3 Discussion and Future Work

In this short paper, we only consider a sparse pruning technique that preserves the number of units in the network. It is possible that, if entire convolutional filters were pruned as in (Li et al., 2016), a completely different set of behaviors might result. For example, the network might become less interpretable with pruning as it has less capacity with which to develop intermediate representations. Or alternatively, if—as Liu et al. (2019) argue—pruned convolutional filters were never necessary to begin with, then the network would remain equally interpretable but with a higher percentage of interpretable units (convolutional filters are units with respect to network dissection).

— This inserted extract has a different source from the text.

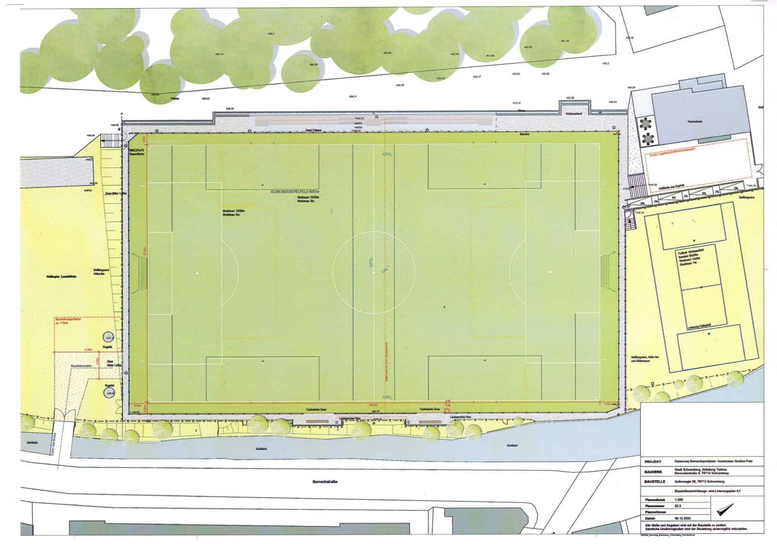 Noch zu lösen ist die Frage, wo während der Bauzeit der Hubschrauberlandeplatz hin verlegt werden soll. Denn die Fläche des Kleinspielfelds werde die Firma für ihre Materialien und Maschinen brauchen.
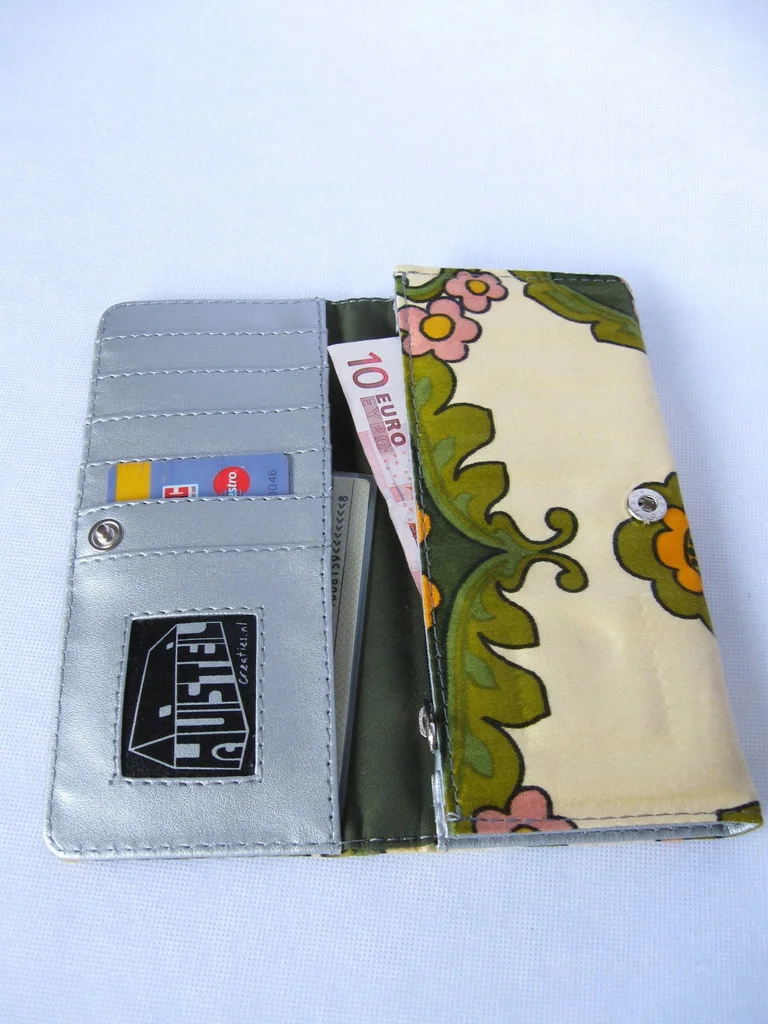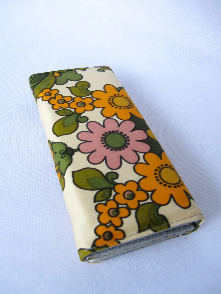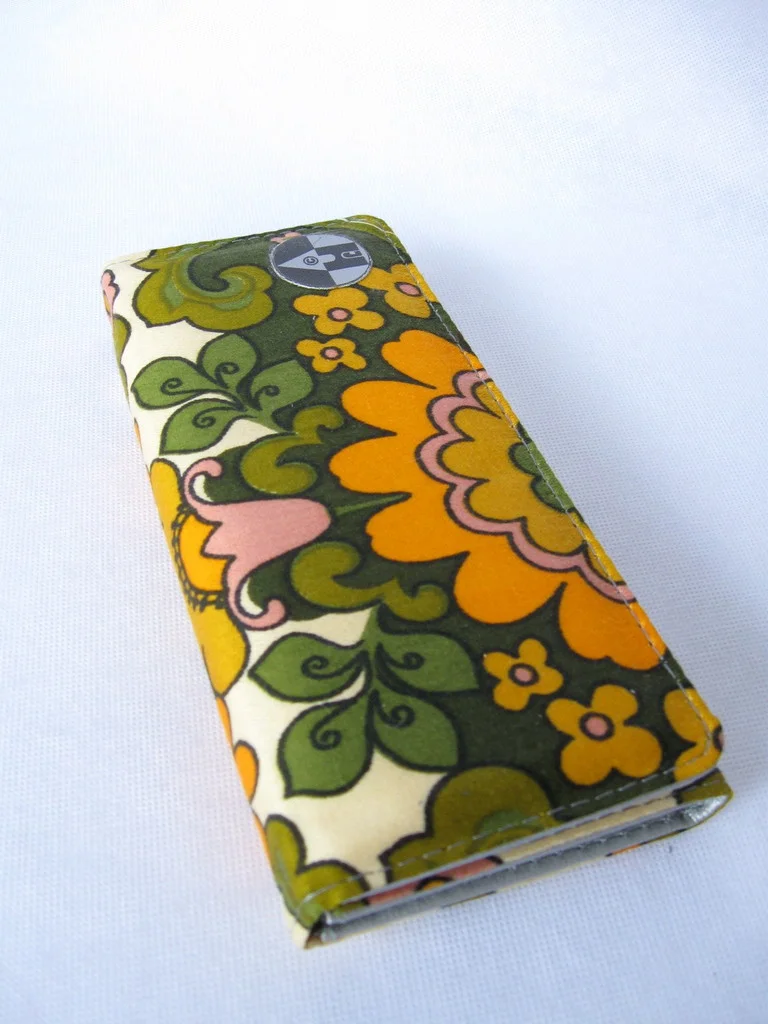 Designer-Portemonnaie aus original 70er Jahre Stoff, mit Druckknopf zum Schließen.

It is also possible that another fine-tuning strategy might produce different results. The lottery ticket strategy allows the network to retrain nearly from the start after each round of pruning, meaning that the network has the opportunity to learn entirely new representations. In contrast, standard pruning techniques retain the trained weights of unpruned connections and fine-tune for a small number of iterations at a low learning rate, severely limiting the network’s ability to learn new representations. It would be interesting to compare the interpretability of the networks produced by each approach. It is possible that lottery ticket fine-tuning makes it possible to learn new, disentangled representations for the smaller network size, or, alternatively, that limited fine-tuning more effectively sustains the interpretability of the unpruned networks.

For this workshop paper, we only consider Resnet-50. It would be valuable to study the extent to which the behavior we observe extends to other networks as in Bau et al. (2017).

4 Conclusions

We study the interpretability of pruned networks. Specifically, we use network dissection (Bau et al., 2017) to examine the number of units that learn to recognize disentangled, human-identifiable concepts in networks whose weights have been removed using lottery ticket pruning (Frankle & Carbin, 2019; Frankle et al., 2019). We find that this sparse pruning has no impact on the interpretability of the Resnet-50 model (as trained on ImageNet) until so many parameters are pruned that accuracy beings to decline. We conclude that parameters considered unnecessary by magnitude pruning are also unnecessary to maintain the level of interpretability of the unpruned model. However, pruning does not cause interpretability to improve either.